# [What you will do]
Could you retype exactly the line containing "Đi bộ nhanh" and every line after it in the data below, leaving out the pictures?

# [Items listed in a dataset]
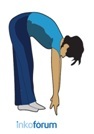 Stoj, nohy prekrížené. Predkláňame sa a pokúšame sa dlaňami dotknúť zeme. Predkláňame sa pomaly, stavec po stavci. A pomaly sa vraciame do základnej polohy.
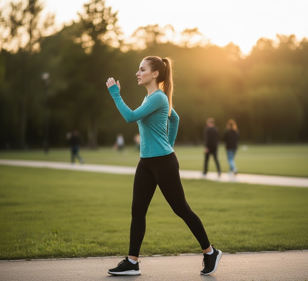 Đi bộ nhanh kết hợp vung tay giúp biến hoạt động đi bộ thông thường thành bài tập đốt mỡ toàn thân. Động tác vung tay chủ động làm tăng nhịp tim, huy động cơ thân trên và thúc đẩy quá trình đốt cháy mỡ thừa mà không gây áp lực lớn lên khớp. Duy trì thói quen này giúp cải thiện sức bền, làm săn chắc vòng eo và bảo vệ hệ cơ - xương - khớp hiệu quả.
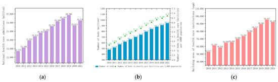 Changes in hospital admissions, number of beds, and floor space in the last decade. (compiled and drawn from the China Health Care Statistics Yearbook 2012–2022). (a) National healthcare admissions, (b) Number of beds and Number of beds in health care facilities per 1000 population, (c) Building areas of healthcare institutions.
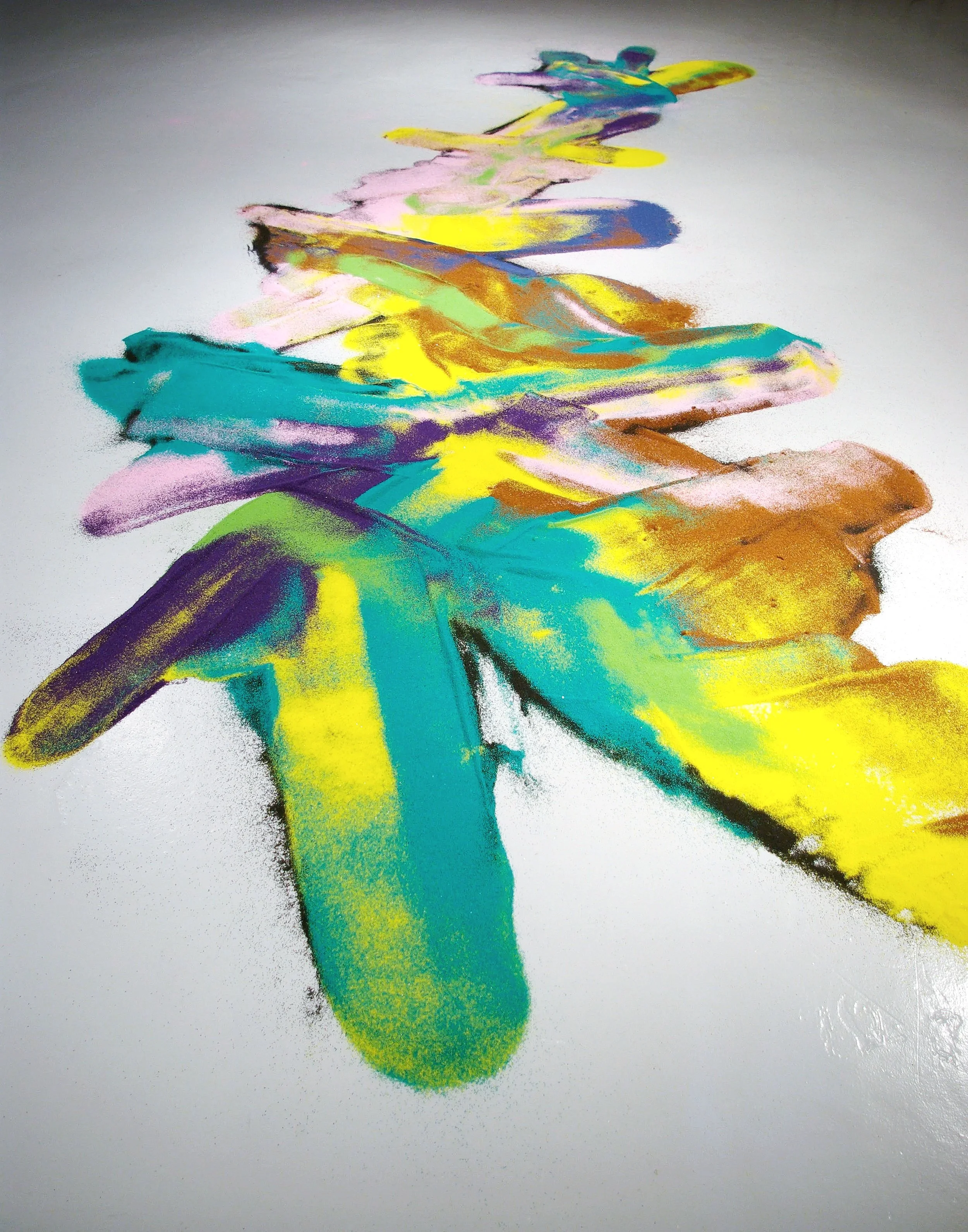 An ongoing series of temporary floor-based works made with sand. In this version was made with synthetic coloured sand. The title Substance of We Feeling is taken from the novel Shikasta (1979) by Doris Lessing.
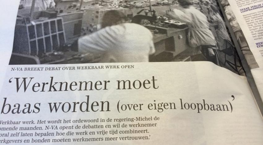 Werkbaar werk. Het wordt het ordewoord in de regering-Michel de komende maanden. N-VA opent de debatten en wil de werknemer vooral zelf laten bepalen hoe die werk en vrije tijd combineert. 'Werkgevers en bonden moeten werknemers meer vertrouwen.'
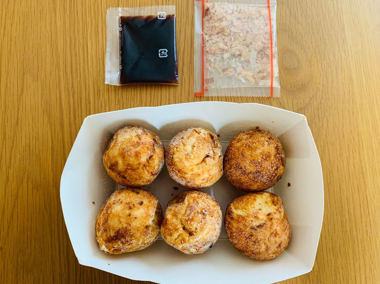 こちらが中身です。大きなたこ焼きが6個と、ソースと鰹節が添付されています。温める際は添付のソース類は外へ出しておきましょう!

# [Problem solution]
 Đi bộ nhanh kết hợp vung tay giúp biến hoạt động đi bộ thông thường thành bài tập đốt mỡ toàn thân. Động tác vung tay chủ động làm tăng nhịp tim, huy động cơ thân trên và thúc đẩy quá trình đốt cháy mỡ thừa mà không gây áp lực lớn lên khớp. Duy trì thói quen này giúp cải thiện sức bền, làm săn chắc vòng eo và bảo vệ hệ cơ - xương - khớp hiệu quả.
 Changes in hospital admissions, number of beds, and floor space in the last decade. (compiled and drawn from the China Health Care Statistics Yearbook 2012–2022). (a) National healthcare admissions, (b) Number of beds and Number of beds in health care facilities per 1000 population, (c) Building areas of healthcare institutions.
 An ongoing series of temporary floor-based works made with sand. In this version was made with synthetic coloured sand. The title Substance of We Feeling is taken from the novel Shikasta (1979) by Doris Lessing.
 Werkbaar werk. Het wordt het ordewoord in de regering-Michel de komende maanden. N-VA opent de debatten en wil de werknemer vooral zelf laten bepalen hoe die werk en vrije tijd combineert. 'Werkgevers en bonden moeten werknemers meer vertrouwen.'
 こちらが中身です。大きなたこ焼きが6個と、ソースと鰹節が添付されています。温める際は添付のソース類は外へ出しておきましょう!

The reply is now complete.